3 of 61 comments (clear)

  1. pipelining processes: BINGO!!! by Mr+Z · · Score: 3

    Three words come to mind: HIT, NAIL, and HEAD. :-)

    To give an example from a paper I'm a coauthor on (being presented at ICSPAT'99), consider a JPEG decoder. Here's a quick overview of the bulk of a JPEG decoder:

    • for each 8x8 block
      • decode the Huffman code for the block
      • Perform inverse-quantization on the block
      • Perform the IDCT on the block
      • Write the block to the correct plane in the image

    On a deeply pipelined / highly parallel processor, this is horribly inefficient, because each task is very small when applied to only one block, whereas switching between tasks is quite expensive. But, that's exactly what alot of JPEG decoders do (including the Independent JPEG Group's decoder). The decoder is alot easier to write that way, but is not nearly as efficient as it could be.

    Instead, you want to batch things up as much as possible:

    • For all chunks of the encoded JPEG, do
      • Read a chunk of encoded JPEG
      • Decode the Huffman code for as many 8x8 blocks as possible
      • Inverse-quantize all of these blocks.
      • Perform IDCT on all of these blocks.
      • Write all of these blocks out to the image.

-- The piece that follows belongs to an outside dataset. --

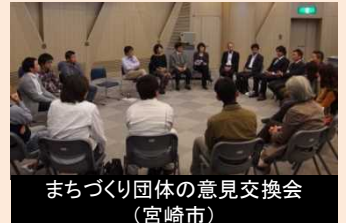
団体間の交流機会の創出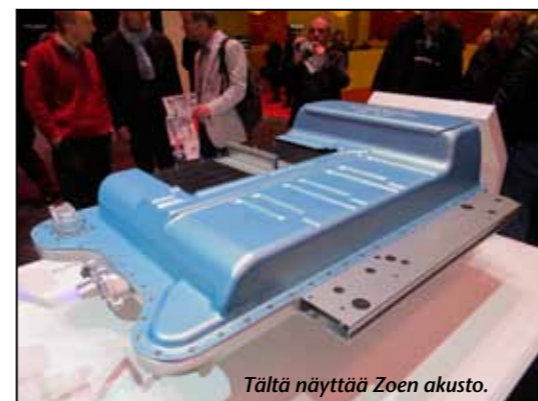
Tältä näyttää Zoen akusto.

Hieman eläväisempää menoa oli sitten tarjolla Montmantren kukkulalla, sillä siellä sattui olemaan sadonkorjuujuhlat. Aluetta joskus kiertäneet ovat saattaneet nähdä siellä olevat viiniköynnökset ja todellakin, niistä myös tehdään viiniä! Tuotos on peräti

    Now, you can make massive gains in efficiency due to better instruction cache locality, better parallelism across loop iterations due to the fact you're actually looping quite a bit now, and so on. (The wins are rather dramatic on a DSP which relies on programmed DMAs to move data on and off chip.)

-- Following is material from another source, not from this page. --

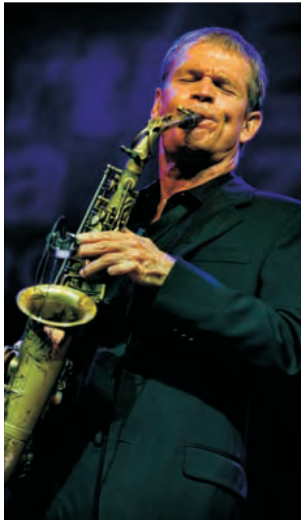
David Sanborn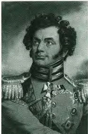
Федор Петрович Уваров.

    What's nice about a system with parallel processing units (whether multiprocessor or multithreaded) is that each stage in the pipeline can become another parallel-executing thread. Indeed, that was one common way to program the TMS320C80 family DSPs, which had 2 or 4 DSPs on one chip, alongside a fairly strong RISC CPU ... all on one die! The DSPs would be organized as a pipeline, communicating through a "crossbar" to shared on-chip SRAM. The RISC CPU would coordinate tasks and issue commands to the DSPs. It was really quite cool.

    --Joe

    --
  2. More links + some analysis by ChrisRijk · · Score: 3
    (I sent the following to a different forum over a day ago - before the EETimes article appeared. This is a word for word copy...)

    MAJC home page . See the docs home page - introduction, and a "community" page .

    They haven't really released enough details (on their website) just yet, but it does look interesting. One of the more obviously different attitudes the specification takes is highly customisable implimentations - you design a variation targeted at a particular application, whatever that might be - graphics accelerator, MP3 player/decoder, MPEG2/DVD decoder, or a more general purpose chip. Since it is mostly being targeted at embedded applications this is not surprising though.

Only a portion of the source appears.